2. Explore the data:
  * How many rows are in the data?
  * What does each row represent?
  * How many columns are in the data?
  * What data type is each column?

3. Set up your model specification to predict the MSRP of each car.
  * What column will be your target?
  * Which columns will be your features?

4. Prepare your data.
  * View the target variable's distribution. Remove outliers if necessary.
  * Engineer your features (encode categorical variables, etc.)
  * Split your data into train and test sets.

5. Train a linear model using `sklearn.linear_model`'s `LinearRegression`.

6. Is this model good?
  * Is it better than any other estimate we have?
  * What's the train RMSE? What's the test RMSE? How do they compare to the standard deviation of the target?
  * Create a predicted vs. actual plot?
  * Which variables have the largest effect size?

*Python Environments*

7. While training and running your model should have been pretty fast, imagine that you are working with orders of magnitude more data -- so you want to train the model overnight, rather than interactively.
  * Export your Jupyter notebook as a `.py` script.
  * Be sure to add `print()` calls so you can see important data.
  * Run your `.py` file from the command line, and verify the results.

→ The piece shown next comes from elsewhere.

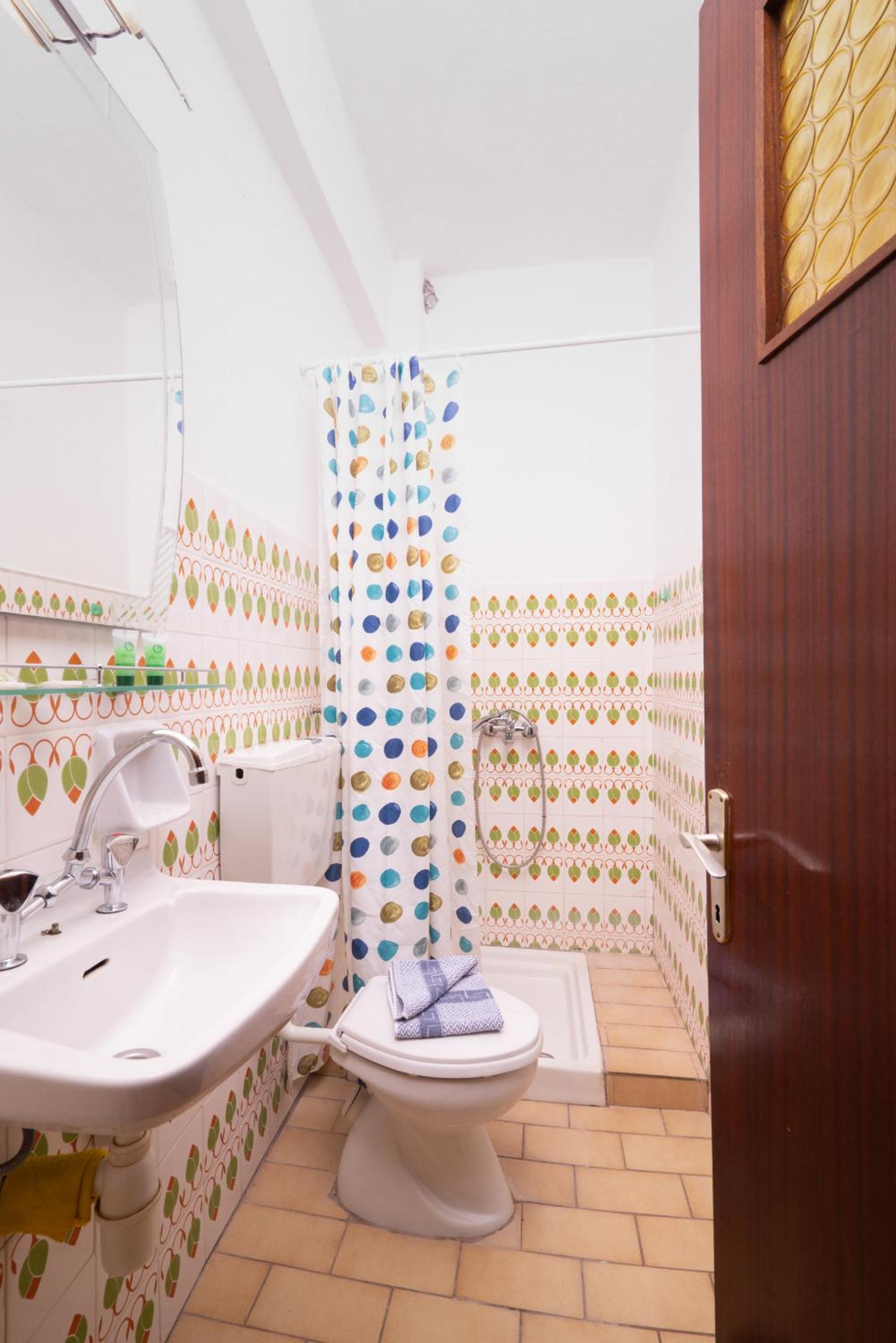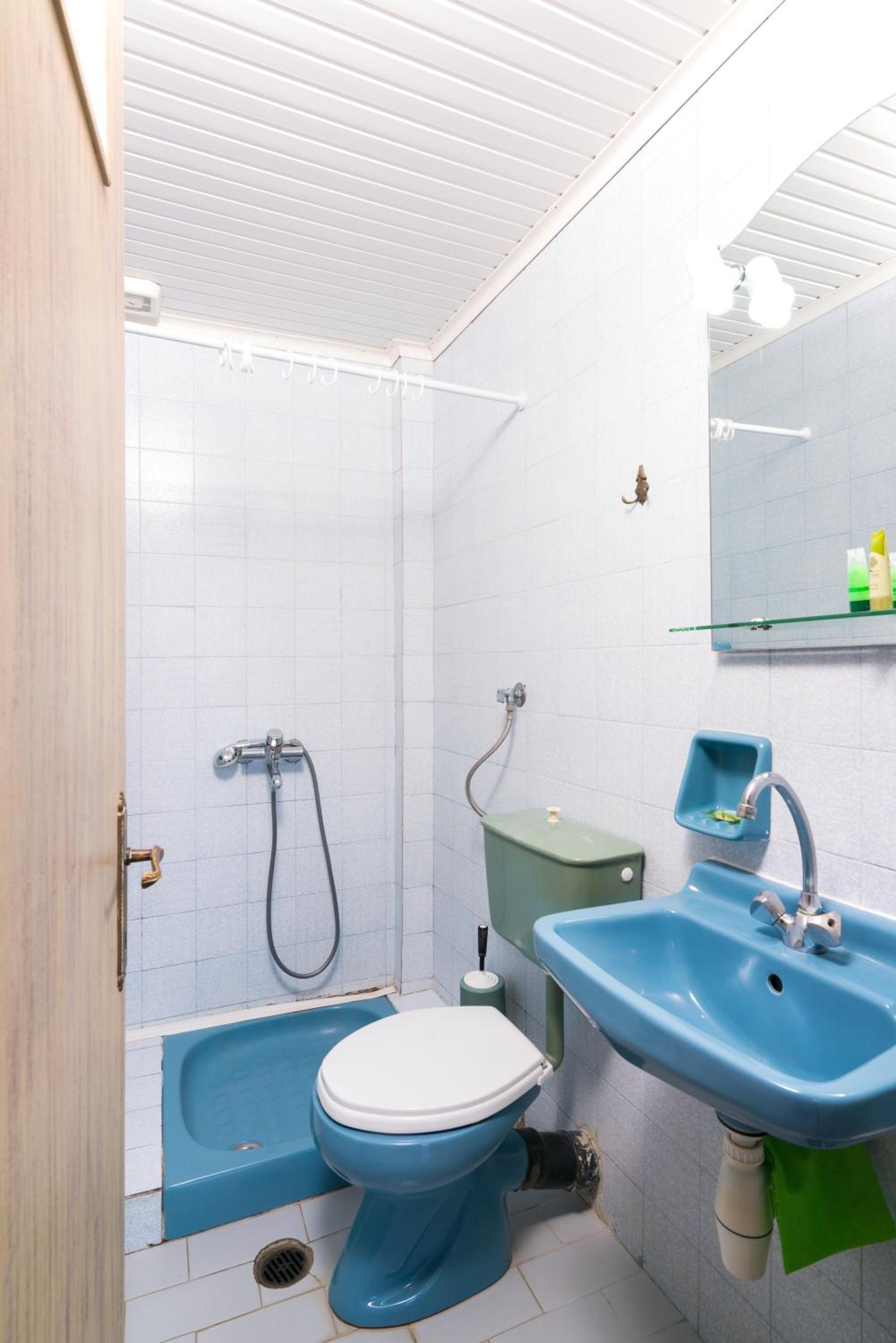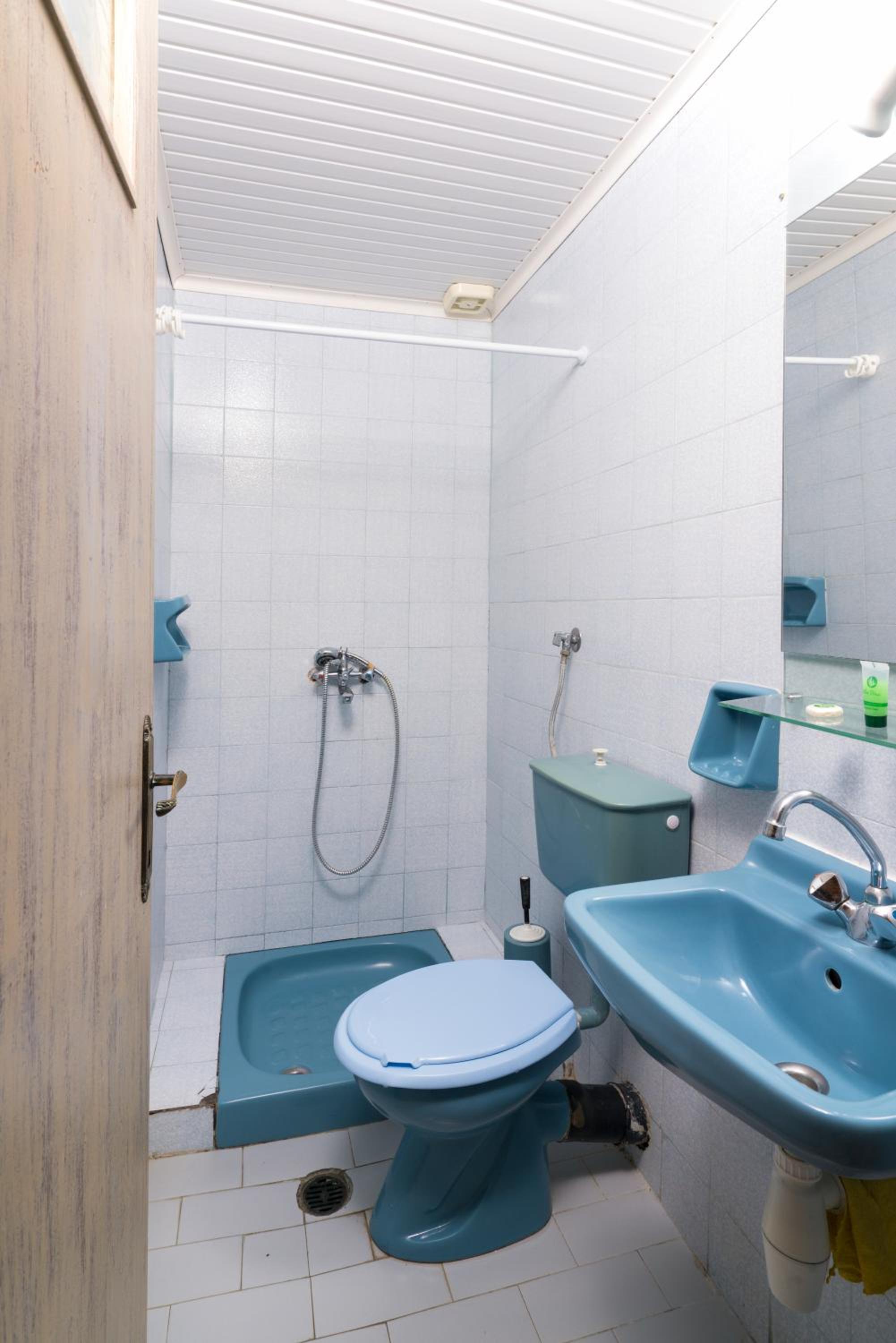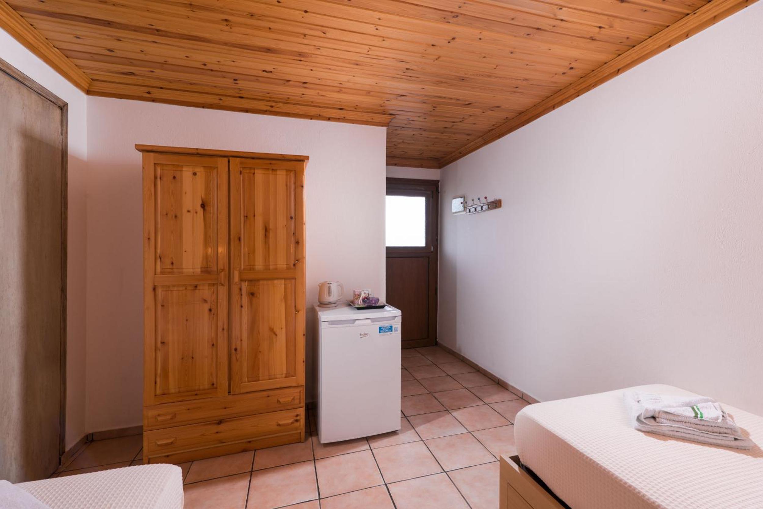 Nu este pt pretentiosi. Baia f mica ,cu gresie si faianta f veche. Usa de la baie foarte veche si murdara..Clima era veche,perdeaua din geaam parea murdara sau poate era doar f veche. Tot in camera pare vechi. Usa de la camera nu se poate deschide ziua ca intra viespi. Pe terasa nu poti sa stai sa iei o gustare ca vin viespile. La plaja de langa cazare este f greu accesul. Am fost doar in prima zi. Plaja Aliki este putin mai departe si se merge cu masina dar este f aglomerata. Paradise beach este la cativa km si am profitat de asta. Pretul pe noapte mi se pare prea mare pt conditiile pe care le ofera.

8. Think back to Lesson 8, on the data science ecosystem. 
  * Which package sounded most interesting/useful to you? 
  * If you are working on a platform with `conda`, create a new environment called "temporary".
  * Activate the `temporary` environment.
  * Install your package of choice package in `temporary`. 
  * Try to import it in a notebook (remember you'll need to get your conda environment working in Jupyter), and look in the online documentation (just google "package-name docs") to figure out what you can do with this package.